[Start of section]

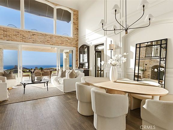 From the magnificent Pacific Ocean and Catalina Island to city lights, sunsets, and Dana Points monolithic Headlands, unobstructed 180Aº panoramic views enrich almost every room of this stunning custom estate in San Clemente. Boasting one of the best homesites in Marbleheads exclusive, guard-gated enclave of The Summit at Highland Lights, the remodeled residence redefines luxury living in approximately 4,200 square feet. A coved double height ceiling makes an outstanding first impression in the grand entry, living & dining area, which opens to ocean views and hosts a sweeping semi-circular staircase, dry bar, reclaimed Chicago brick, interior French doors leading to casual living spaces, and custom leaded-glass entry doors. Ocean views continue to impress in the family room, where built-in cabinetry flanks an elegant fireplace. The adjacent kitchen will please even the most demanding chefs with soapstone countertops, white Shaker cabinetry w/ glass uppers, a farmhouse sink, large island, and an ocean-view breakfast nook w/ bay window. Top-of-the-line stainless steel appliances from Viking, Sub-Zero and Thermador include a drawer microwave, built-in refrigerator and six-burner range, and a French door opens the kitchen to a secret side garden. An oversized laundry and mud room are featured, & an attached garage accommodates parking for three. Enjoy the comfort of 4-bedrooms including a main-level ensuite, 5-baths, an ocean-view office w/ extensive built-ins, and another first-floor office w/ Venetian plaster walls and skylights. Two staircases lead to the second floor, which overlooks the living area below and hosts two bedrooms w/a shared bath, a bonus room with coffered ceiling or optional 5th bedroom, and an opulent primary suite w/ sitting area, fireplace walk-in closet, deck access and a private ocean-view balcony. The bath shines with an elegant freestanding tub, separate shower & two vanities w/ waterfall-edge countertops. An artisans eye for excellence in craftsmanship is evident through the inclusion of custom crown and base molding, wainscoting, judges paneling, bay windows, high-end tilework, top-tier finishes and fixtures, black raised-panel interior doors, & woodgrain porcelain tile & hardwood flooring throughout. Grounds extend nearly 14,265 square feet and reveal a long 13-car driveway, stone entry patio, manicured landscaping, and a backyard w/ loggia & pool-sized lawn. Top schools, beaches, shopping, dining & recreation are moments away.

[End of section]
[Start of section]

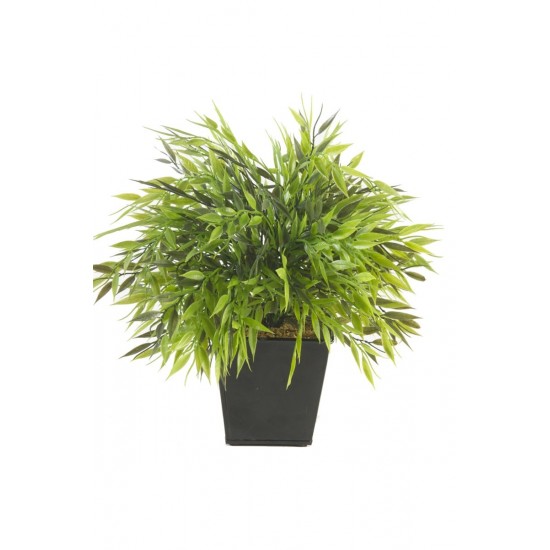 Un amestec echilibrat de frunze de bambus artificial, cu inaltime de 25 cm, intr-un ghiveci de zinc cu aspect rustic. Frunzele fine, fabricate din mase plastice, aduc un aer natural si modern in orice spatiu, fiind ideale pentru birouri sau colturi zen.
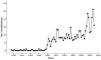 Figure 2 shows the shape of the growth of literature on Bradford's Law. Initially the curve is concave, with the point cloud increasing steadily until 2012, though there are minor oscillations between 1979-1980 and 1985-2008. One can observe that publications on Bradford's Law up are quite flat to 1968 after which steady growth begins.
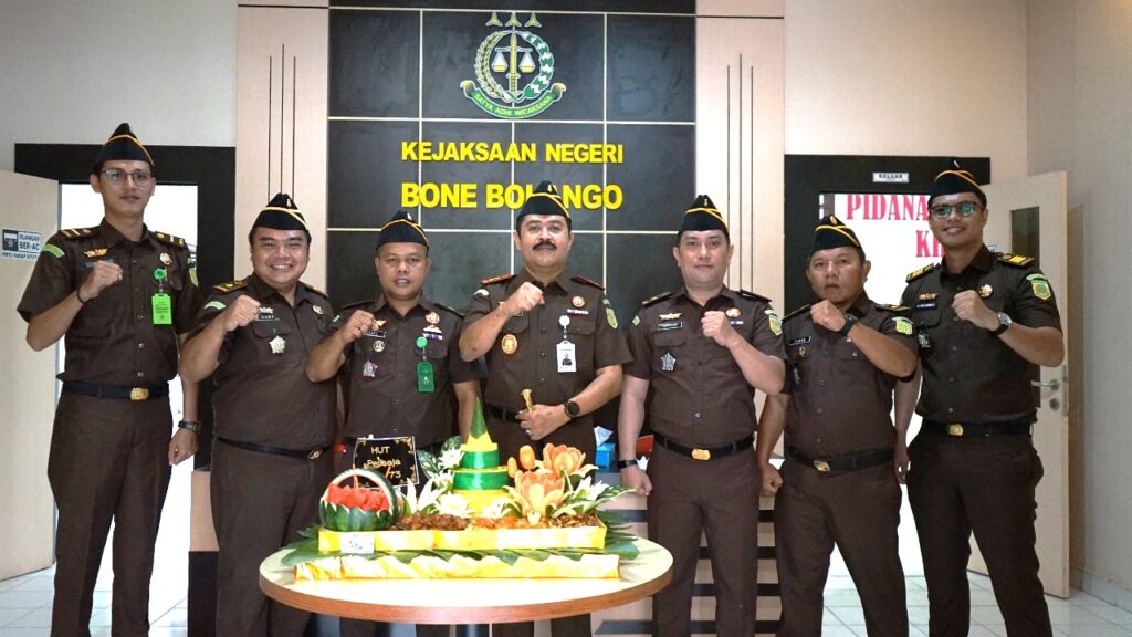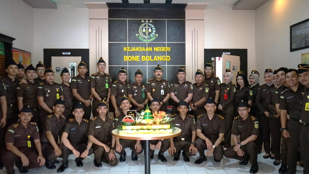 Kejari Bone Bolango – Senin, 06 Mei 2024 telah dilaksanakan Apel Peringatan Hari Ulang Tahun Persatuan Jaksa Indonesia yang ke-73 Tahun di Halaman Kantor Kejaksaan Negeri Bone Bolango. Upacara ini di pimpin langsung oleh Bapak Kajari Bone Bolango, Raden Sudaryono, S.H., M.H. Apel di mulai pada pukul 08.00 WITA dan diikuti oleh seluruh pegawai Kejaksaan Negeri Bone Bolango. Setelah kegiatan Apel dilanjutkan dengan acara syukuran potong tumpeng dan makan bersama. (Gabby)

[End of section]

*WORK REQUEST:*
Everything above from the line containing "Figure 2 shows" through the line containing "Kejari Bone Bolango" must be repeated exactly, and the pictures must be left out.

*WORKED SOLUTION:*
 Figure 2 shows the shape of the growth of literature on Bradford's Law. Initially the curve is concave, with the point cloud increasing steadily until 2012, though there are minor oscillations between 1979-1980 and 1985-2008. One can observe that publications on Bradford's Law up are quite flat to 1968 after which steady growth begins.
 Kejari Bone Bolango – Senin, 06 Mei 2024 telah dilaksanakan Apel Peringatan Hari Ulang Tahun Persatuan Jaksa Indonesia yang ke-73 Tahun di Halaman Kantor Kejaksaan Negeri Bone Bolango. Upacara ini di pimpin langsung oleh Bapak Kajari Bone Bolango, Raden Sudaryono, S.H., M.H. Apel di mulai pada pukul 08.00 WITA dan diikuti oleh seluruh pegawai Kejaksaan Negeri Bone Bolango. Setelah kegiatan Apel dilanjutkan dengan acara syukuran potong tumpeng dan makan bersama. (Gabby)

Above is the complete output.